Fadhil Haidar Sulaeman and Yvette Tanamal, Jakarta – Both laborers and businesses have expressed their concerns over government regulation in lieu of law (Perppu) on job creation, with the issues of minimum wage and job security remaining contested.
In a press briefing held on Tuesday, Indonesian Employers Association (Apindo) chairperson Hariyadi Sukamdani said that businesses were surprised by the sudden announcement of this regulation, as he said that his association was not involved in its discussion.
As a result, Apindo needs more time to "comprehensively" assess more than one thousand pages of the new regulation, which spans to 10 clusters including the ones on manpower issues.
Although stating that Apindo understood the government decision, he said that the new minimum-wage formula in the Perppu, which includes both inflation and GDP growth rate, would shrink the job market.
He said that businesses would prefer to take experienced workers with only slightly higher pay margins, thus risking an increased unemployment rate for the inexperienced workers.
Investment would instead flow drastically to capital-intensive industries, he said, but not to labor-intensive industries, due to the higher minimum wage compared to the rest of Southeast Asia, in which Indonesian minimum wage was estimated to be the highest in 2025.
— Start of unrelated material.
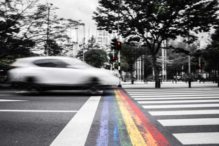 Zebra crossing in the city, black and white photo. High quality photo

In regards to layoff risk, he said that it was not specifically due to the Perppu and it was "relative" to the situation within each sector, as factors varied from slow recovery from the COVID-19 pandemic to a hit in export demand.
"The shrinking job market will continue for some time," Hariyadi told reporters.
Speaking at the same event, Indonesian Palm Oil Producers Association (Gapki) chairperson Joko Supriyono said that he supported the advice of Apindo concerning the issue of the Perppu, particularly since the crude palm oil (CPO) sector was a labor-intensive industry.
He said that manpower expenses composed around 40 to 45 percent of operational costs and CPO industries compensated wages with non-money benefits, such as housing, electricity and water facilities. "We are struggling to avoid layoffs," Joko told reporters.
Laborers' diplomatic actions
In a virtual press conference held on Monday evening, Labor Party chairperson Said Iqbal announced that "diplomatic actions" would be taken to convince President Joko "Jokowi" Widodo to "not enforce the Perppu", believing that the President would heed to labor's voices.
"Because the party that made this [Perppu] was not Pak President Jokowi, but the team from the Office of the Coordinating Economic Minister," Said told reporters, even assuming that the Manpower Ministry is not involved in the decision-making process.
If negotiations did not work out, the Party would file a judicial review to the Constitutional Court (MK), but noting that such actions would need to be consulted with legal experts first, particularly on whether Perppu could be brought to the court in the first place.
Regarding large-scale demonstrations, Said told reporters that his party had yet to mobilize the laborers as he was currently awaiting response from the executive and legislative branch of the government.
"Madness, this is madness," Said continued. "I pity the President; the Office of Coordinating Economic Ministry should take responsibility."
Indonesian Workers Union Association (ASPEK) president Mirah Sumirat also called for the government to repeal the Perppu and instead introduce another Perppu that would nullify the job creation law.
She said that the Perppu content was almost similar to the Job Creation Law, the regulation that laborers have been asking the government to repeal due to its perceived bias to very pro-employers, while revision has been kept insignificant.
One of the main issues that disappoints her was the continuation of using a government implementing regulation (PP) as a derivative rule, which she believed lacks checks and balances.
"The Indonesian people have always been an object of exploitation to the capital owners, where they use the House of Representatives and the government [for this exploitation]," Mirah said.
Previously, Jokowi argued on Friday that the Perppu was needed because Indonesia had been "threatened" by global uncertainties, noting the warnings made by the International Monetary Fund, even as the country's current economic situation "looks fine".
The Perppu was a solution to provide legal certainties, Jokowi asserted, that were key to attract both domestic and foreign investors, adding that the main fronts of economic growth in 2023 are "investment and export".